- [ASSIGNED TASK] Give again, word for word, every line in the entries below from the line with "This is an element" up to and including the line with "We are a home", and no other line.

- [DATASET EXTRACT]
# # # # # # #
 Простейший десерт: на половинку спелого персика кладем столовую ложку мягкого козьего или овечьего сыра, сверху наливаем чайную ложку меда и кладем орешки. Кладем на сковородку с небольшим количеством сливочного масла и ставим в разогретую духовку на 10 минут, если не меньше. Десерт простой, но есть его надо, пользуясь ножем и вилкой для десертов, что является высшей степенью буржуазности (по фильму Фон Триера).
# # # # # # #
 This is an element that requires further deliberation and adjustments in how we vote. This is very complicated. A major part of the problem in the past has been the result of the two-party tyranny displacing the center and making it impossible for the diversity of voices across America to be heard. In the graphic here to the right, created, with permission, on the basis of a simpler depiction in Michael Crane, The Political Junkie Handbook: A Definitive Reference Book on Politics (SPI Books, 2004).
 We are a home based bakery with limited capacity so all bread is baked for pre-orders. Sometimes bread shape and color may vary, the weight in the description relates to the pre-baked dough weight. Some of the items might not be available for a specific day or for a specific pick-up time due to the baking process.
# # # # # # #
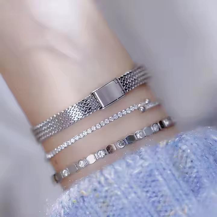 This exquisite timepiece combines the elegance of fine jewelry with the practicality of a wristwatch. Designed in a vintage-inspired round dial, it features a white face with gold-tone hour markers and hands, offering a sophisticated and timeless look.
# # # # # # #
- [WRITTEN SOLUTION]
 This is an element that requires further deliberation and adjustments in how we vote. This is very complicated. A major part of the problem in the past has been the result of the two-party tyranny displacing the center and making it impossible for the diversity of voices across America to be heard. In the graphic here to the right, created, with permission, on the basis of a simpler depiction in Michael Crane, The Political Junkie Handbook: A Definitive Reference Book on Politics (SPI Books, 2004).
 We are a home based bakery with limited capacity so all bread is baked for pre-orders. Sometimes bread shape and color may vary, the weight in the description relates to the pre-baked dough weight. Some of the items might not be available for a specific day or for a specific pick-up time due to the baking process.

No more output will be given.